Extracted data entries:
# # # #
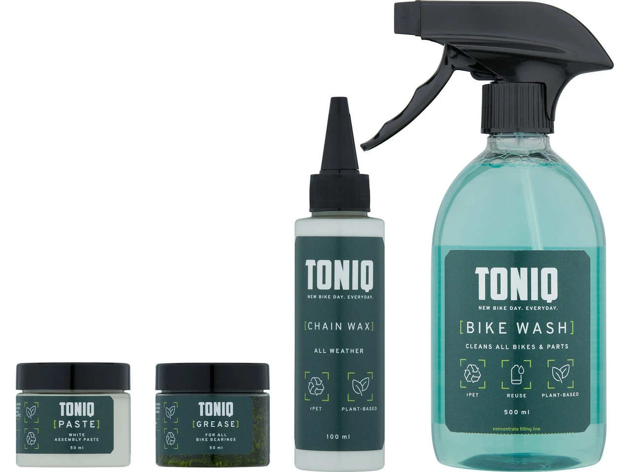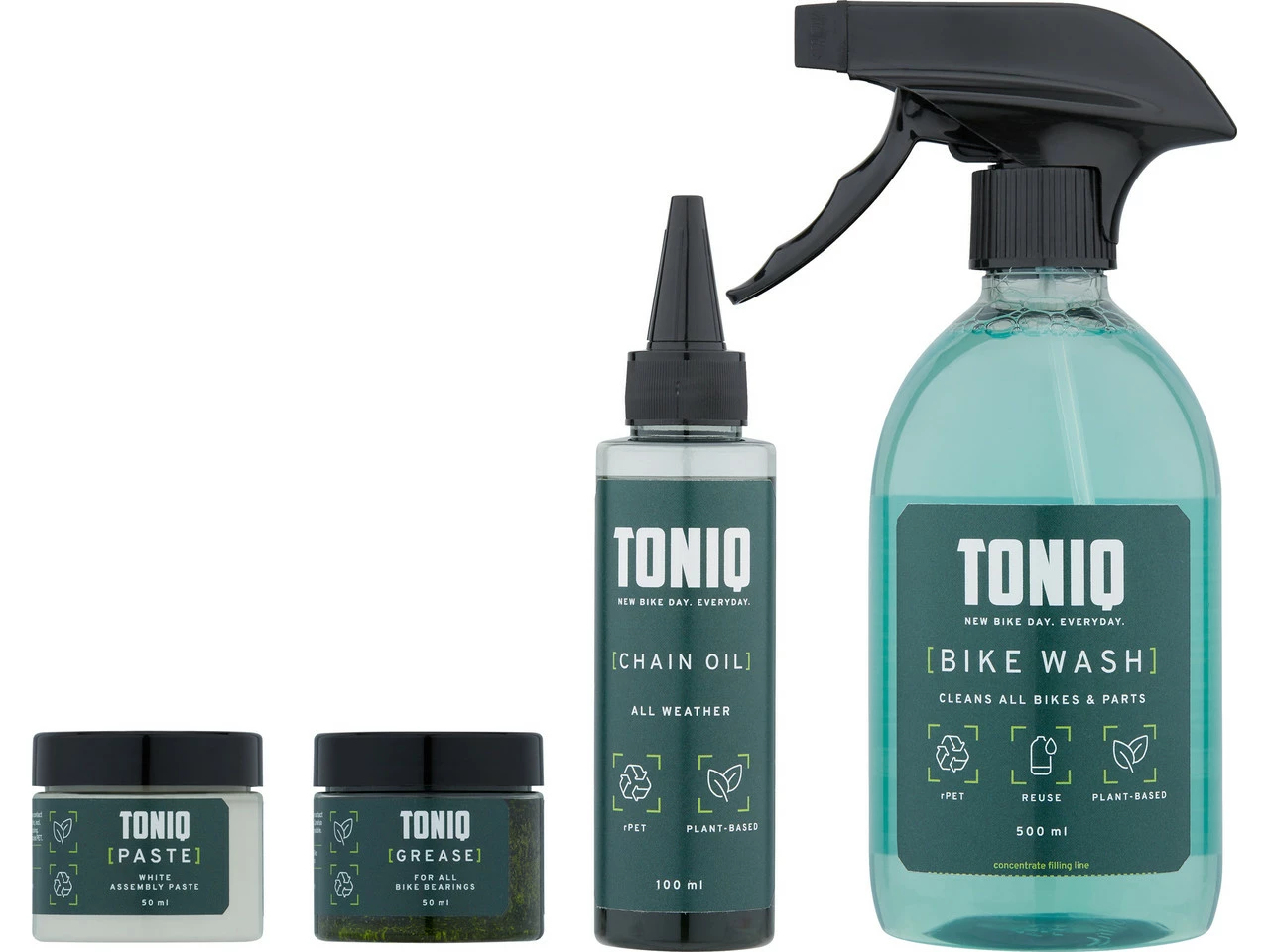 1 x Limpiador de bicicletas TONIQ Bike Wash 500 ml1 x Pasta de montaje TONIQ Assembly Paste 50 ml1 x Grasa para rodamientos TONIQ Bearing Grease 50 ml1 x Cera para cadenas TONIQ Chain Wax 100 ml
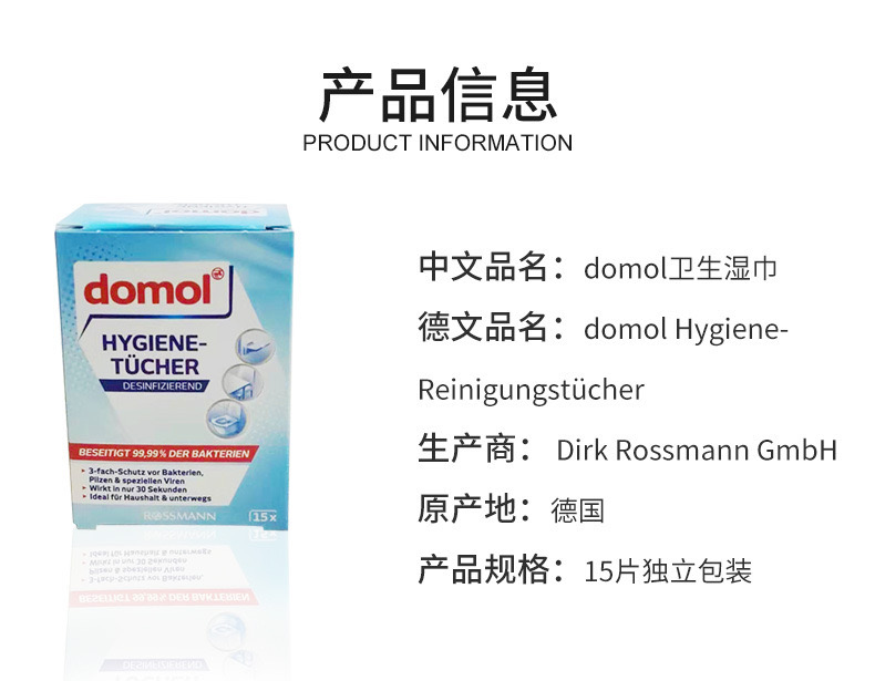German domol multipurpose disinfection wet towels Children available free of wash-hand degeria disinfection 15 sheets of independent packaging
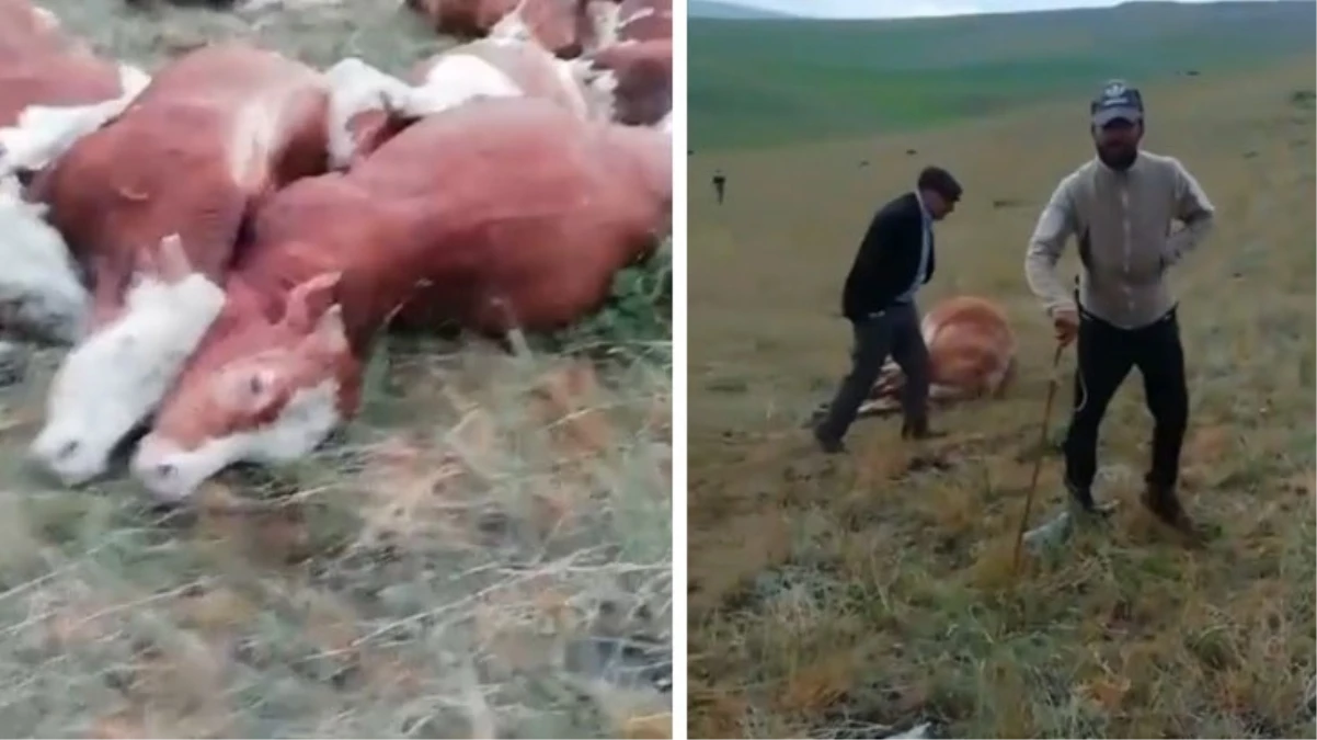 Yıldırımın isabet etmesiyle telef olan büyükbaş hayvanların yerde yattığı görüntüler görenleri oldukça üzdü. Telef olan hayvanlar, olay yerinden kaldırıldı.
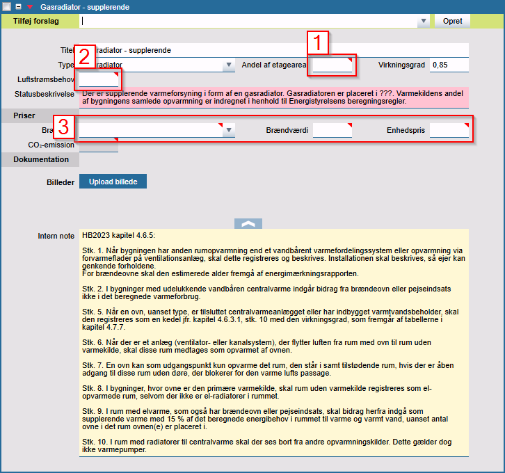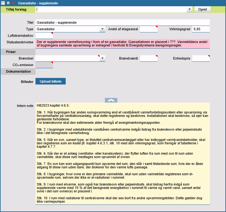 Der er i dette tilfælde taget udgangspunkt i en gasradiator, men der er reelt set ingen forskel på de felter der skal udfyldes, om man havde valgt en brændovn, pejs eller noget helt tredje.
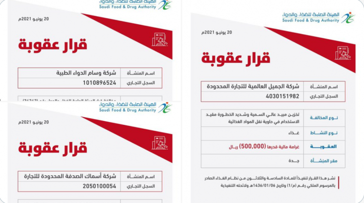 كما عاقبت منشأة غذائية (شركة أسماك الصدفة المحدودة للتجارة ومقرها محافظة جدة) بغرامة مالية قدرها 500 ألف ريال، لمخالفتها قرار الهيئة العامة للغذاء والدواء رقم 21174 وتاريخ 06/05/1439هـ، باستيراد أسماك محظورة وتغيير بلد المنشأ واسم الصنف الفعلي للأسماك.
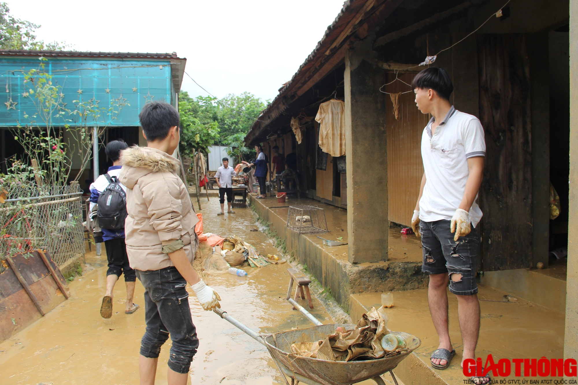 Bên cạnh người dân, các em học sinh Trường THPT Quỳ Châu cũng dọn dẹp nhà trọ, sách vở, đồ dùng học tập để sớm ổn định việc học.
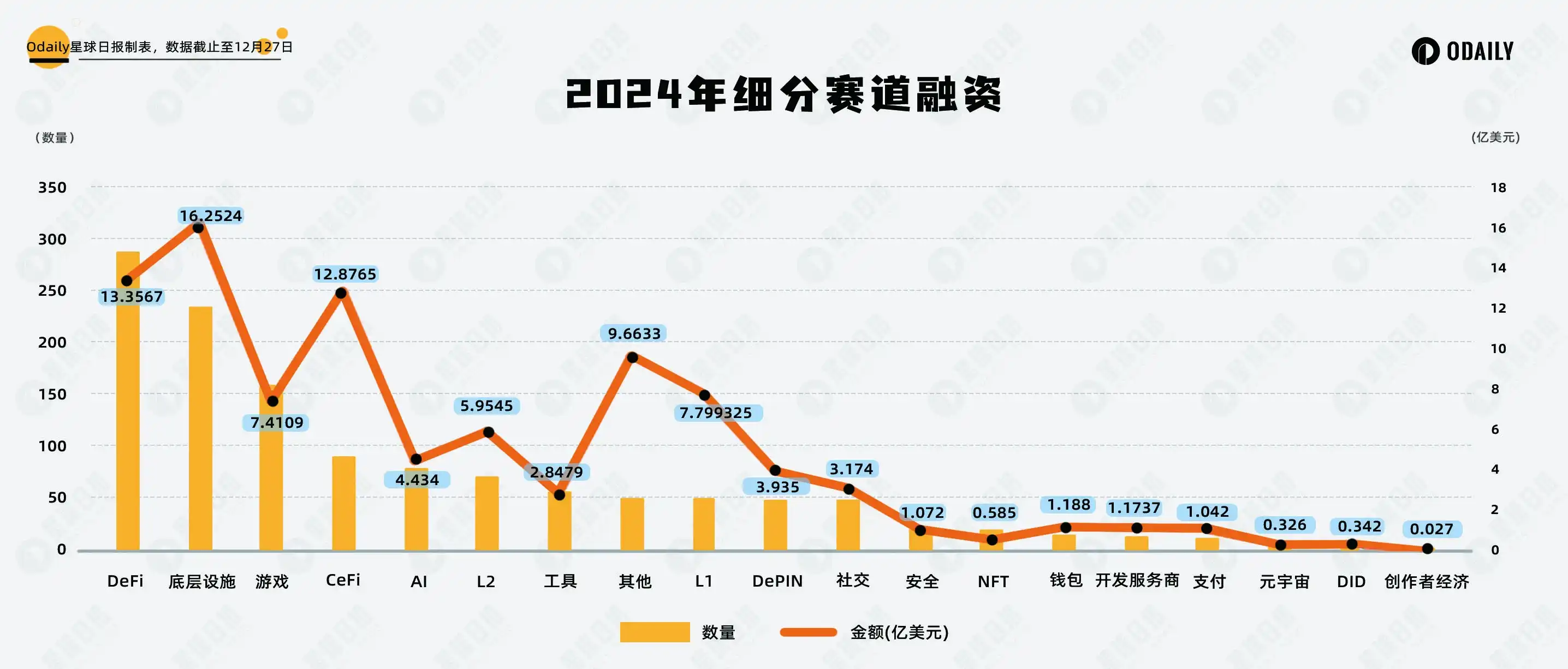 据 Odaily 星球日报不完全统计, 2024 年细分赛道中融资事件集中在 DeFi、底层设施和游戏,其中 DeFi 赛道为 289 笔,底层设施赛道为 236 笔,GameFi 赛道为 160 笔。
# # # #
■ **Exercise details**
Each line above should be returned exactly as it stands, minus any pictures.

■ **Your solution**
 1 x Limpiador de bicicletas TONIQ Bike Wash 500 ml1 x Pasta de montaje TONIQ Assembly Paste 50 ml1 x Grasa para rodamientos TONIQ Bearing Grease 50 ml1 x Cera para cadenas TONIQ Chain Wax 100 ml
German domol multipurpose disinfection wet towels Children available free of wash-hand degeria disinfection 15 sheets of independent packaging
 Yıldırımın isabet etmesiyle telef olan büyükbaş hayvanların yerde yattığı görüntüler görenleri oldukça üzdü. Telef olan hayvanlar, olay yerinden kaldırıldı.
 Der er i dette tilfælde taget udgangspunkt i en gasradiator, men der er reelt set ingen forskel på de felter der skal udfyldes, om man havde valgt en brændovn, pejs eller noget helt tredje.
 كما عاقبت منشأة غذائية (شركة أسماك الصدفة المحدودة للتجارة ومقرها محافظة جدة) بغرامة مالية قدرها 500 ألف ريال، لمخالفتها قرار الهيئة العامة للغذاء والدواء رقم 21174 وتاريخ 06/05/1439هـ، باستيراد أسماك محظورة وتغيير بلد المنشأ واسم الصنف الفعلي للأسماك.
 Bên cạnh người dân, các em học sinh Trường THPT Quỳ Châu cũng dọn dẹp nhà trọ, sách vở, đồ dùng học tập để sớm ổn định việc học.
 据 Odaily 星球日报不完全统计, 2024 年细分赛道中融资事件集中在 DeFi、底层设施和游戏,其中 DeFi 赛道为 289 笔,底层设施赛道为 236 笔,GameFi 赛道为 160 笔。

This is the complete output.